Back/Securities suits allege uniQure misrepresented FDA sign‑off for AMT‑130 pivotal study
stocks·February 20, 2026·qure

Securities suits allege uniQure misrepresented FDA sign‑off for AMT‑130 pivotal study

ED
Editorial
Cashu Markets·2 min read
TL;DR
  • Three U.S. law firms filed securities class actions alleging uniQure N.V. misrepresented FDA approval of AMT‑130 pivotal study design. • Complaints say uniQure N.V. falsely claimed FDA approved its ENROLL‑HD comparison in the Pivotal Study design. • Suits allege uniQure N.V. executives downplayed need for extra studies or BLA delays despite allegedly strong Pivotal results.

Allegations over AMT‑130 pivotal design trigger cluster of suits

Main development: lawsuits say uniQure misled on FDA sign‑off of AMT‑130 study design

Three U.S. law firms are bringing nearly simultaneous securities class actions against uniQure N.V., alleging the Amsterdam‑based gene therapy developer misrepresented regulatory clearance of its pivotal study for AMT‑130, its lead Huntington’s disease candidate. The complaints, filed on behalf of investors who bought ordinary shares between Sept. 24, 2025 and Oct. 31, 2025, contend that uniQure falsely represented that the Pivotal Study design — notably its planned comparison to the ENROLL‑HD external historical data set — had full U.S. Food and Drug Administration approval. Plaintiffs assert those statements leave uniQure’s public comments about business prospects and regulatory timelines without a reasonable basis.

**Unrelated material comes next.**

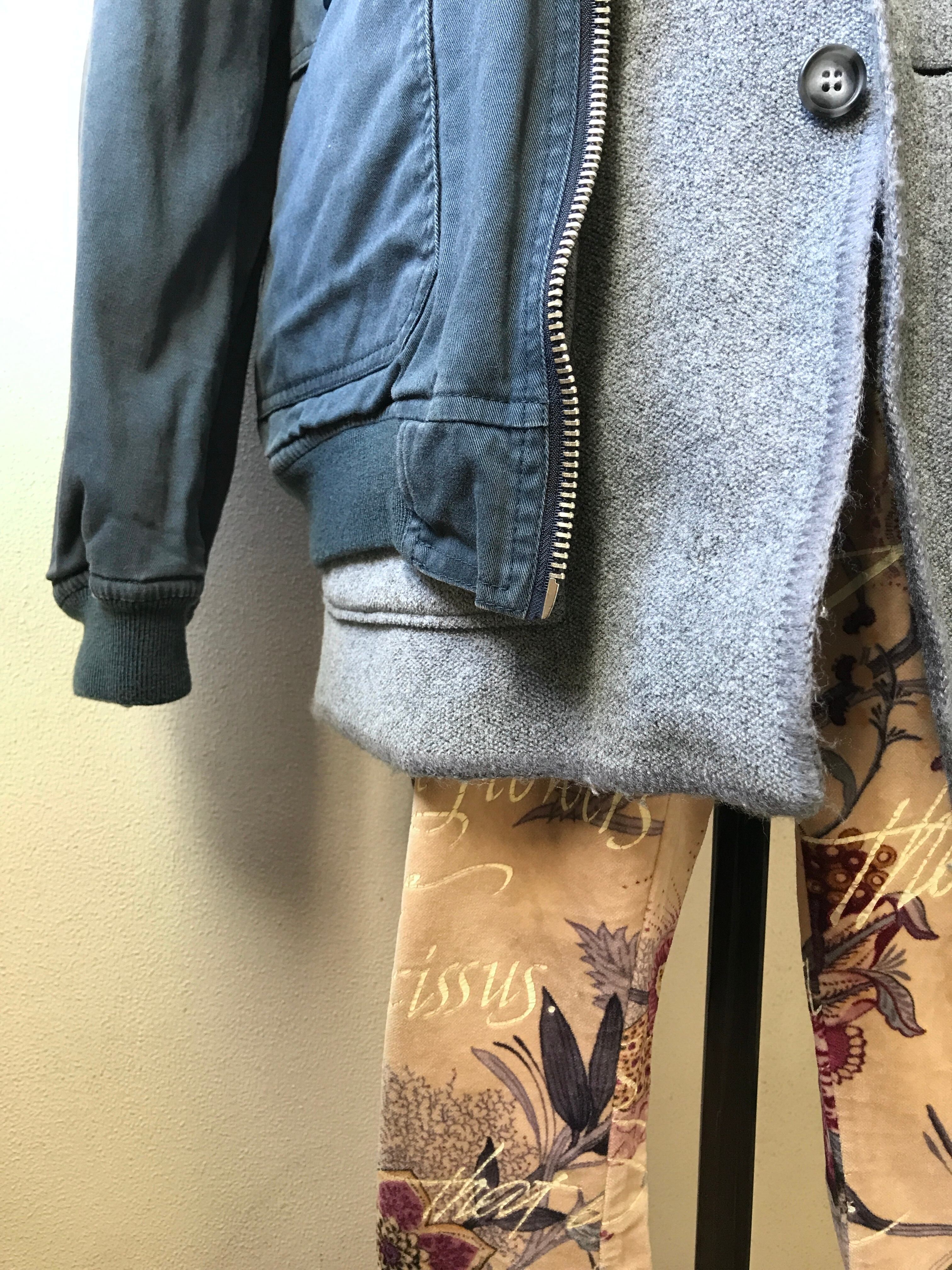 着用時の自然な美しさを支えるのはこの辺りのパタンナーの微妙な匙加減なのですが、あくまで[グラフィックデザインと素材感のミックスで生まれる妙]をこそ前面に打ち出し、こうした美しいパターンメイクはさも当たり前のように静かに洋服を支えます。

The suits further allege company executives downplay the likelihood that AMT‑130 will require additional studies or a delay to a Biologics License Application (BLA) submission despite allegedly strong Pivotal Study results. That contention strikes at a central question for gene therapy developers: how regulators will treat trials that incorporate external historical control datasets rather than randomized concurrent controls. Use of ENROLL‑HD — a large observational registry for Huntington’s disease — is under increased scrutiny across the biotech sector, and the outcome of these cases could influence how sponsors design pivotal programs and interact with regulators.

One of the complaints, Scocco v. uniQure N.V., et al., is docketed in the Southern District of New York (Case No. 1:26‑cv‑01124). Plaintiffs seek to hold uniQure and certain officers accountable for alleged misrepresentations and to recover investor losses once alleged corrective information emerges; the class is not yet certified. The litigation highlights both the legal risks tied to regulatory strategy in rare‑disease gene therapy and broader industry challenges in securing FDA agreement on alternatives to randomized control groups.

Other procedural and firm details

The Rosen Law Firm, Kessler Topaz Meltzer & Check and The Schall Law Firm all announce representations and urge potentially affected investors to preserve records and act promptly. Investors who wish to move to serve as lead plaintiff must do so by April 13, 2026; Kessler Topaz files provide a contact for counsel and a case webpage.

Rosen Law promotes its past settlement record, while Kessler Topaz and Schall Law emphasize free consultations and no obligation to inquire. Each firm provides telephone, email and online contact routes for prospective class members to assess eligibility and next steps.